The new legislation, tabled in an effort to protect temporary workers, could lead to fewer people finding work and the contracts of temporary employees not being renewed after three months, Solidarity deputy general secretary Johan Kruger said on Friday.

The LRAA required employers to limit the use of temporary contracts and to ensure temporary workers were employed for no longer than three months.

Companies that employed temporary workers for more than three months were required to provide them with the same benefits as those available to permanent employees.

Kruger said government’s ambitions of “forcing” employers to employ temporary workers permanently would discourage employers to employ temporary workers.

“Companies will increasingly subcontract services or scale down certain activities rather than employ temporary workers,” he noted.

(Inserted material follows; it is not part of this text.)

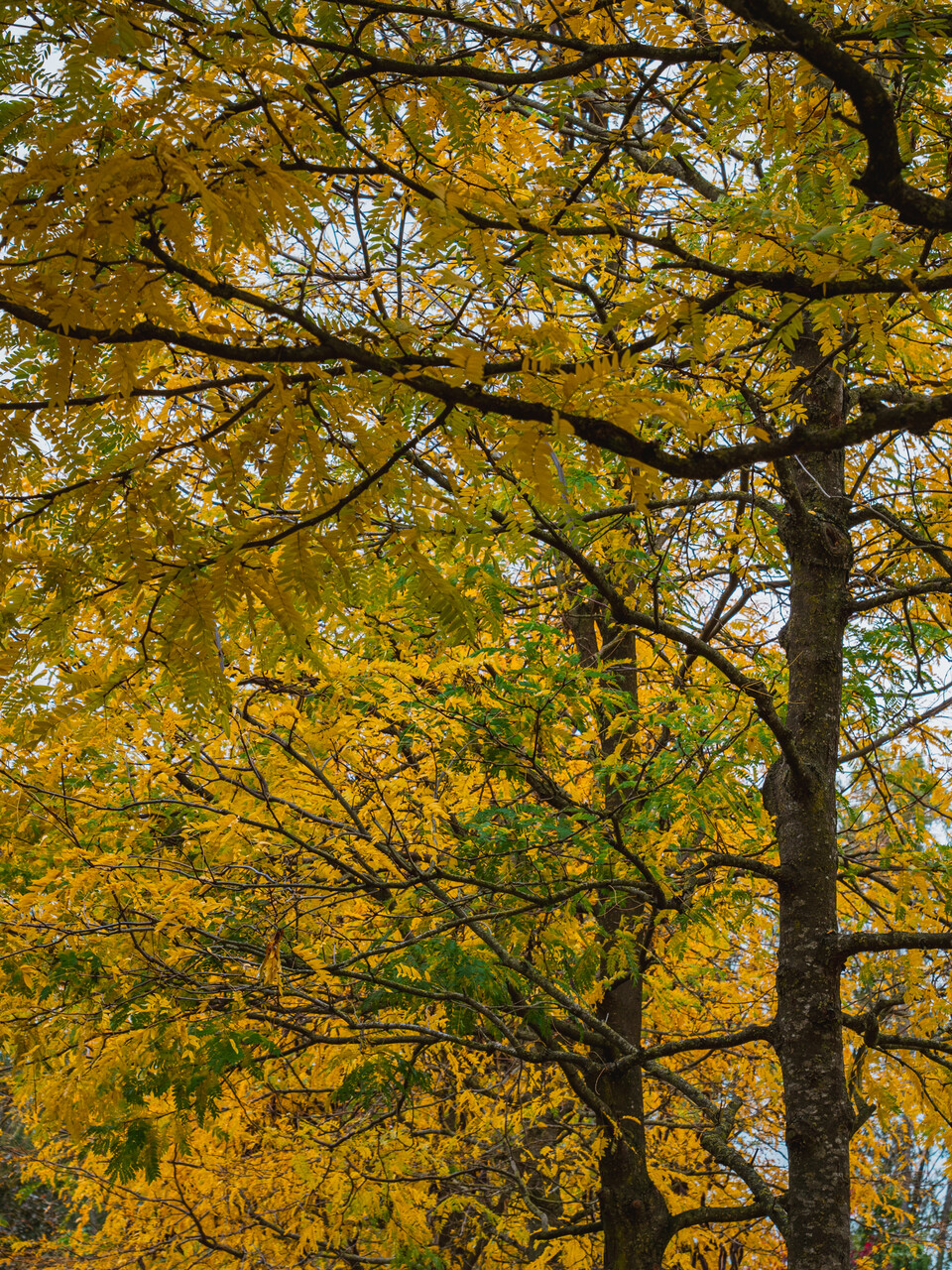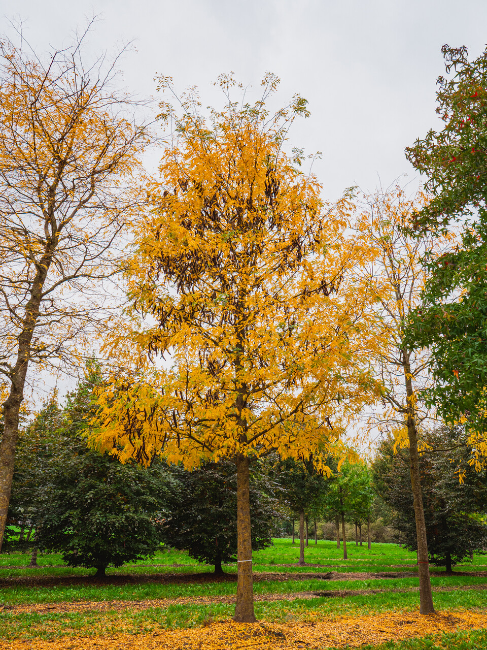 The leaves of Gleditsia triacanthos f. inermis turn yellow in autumn.

However, in a previous brief, law firm Cliffe Dekker Hofmeyr director and national head of the employment practice Aadil Patel said employees would “enjoy far greater protection” than what was currently available to them, with concomitant limitations placed on employers to use such employment structures.

The new law meant that employers had to justify fixing the duration of an employment contract, and would result in the employees becoming permanent employees or being deemed to be employees of the labour broker, or the temporary employment service, used by the company.

The legislation that was meant to protect workers was limited “in some respects”, Patel commented, pointing out that it only applied to those earning below a statutory income threshold and, in the case of fixed-term employees, some smaller and start-up employers may be exempted.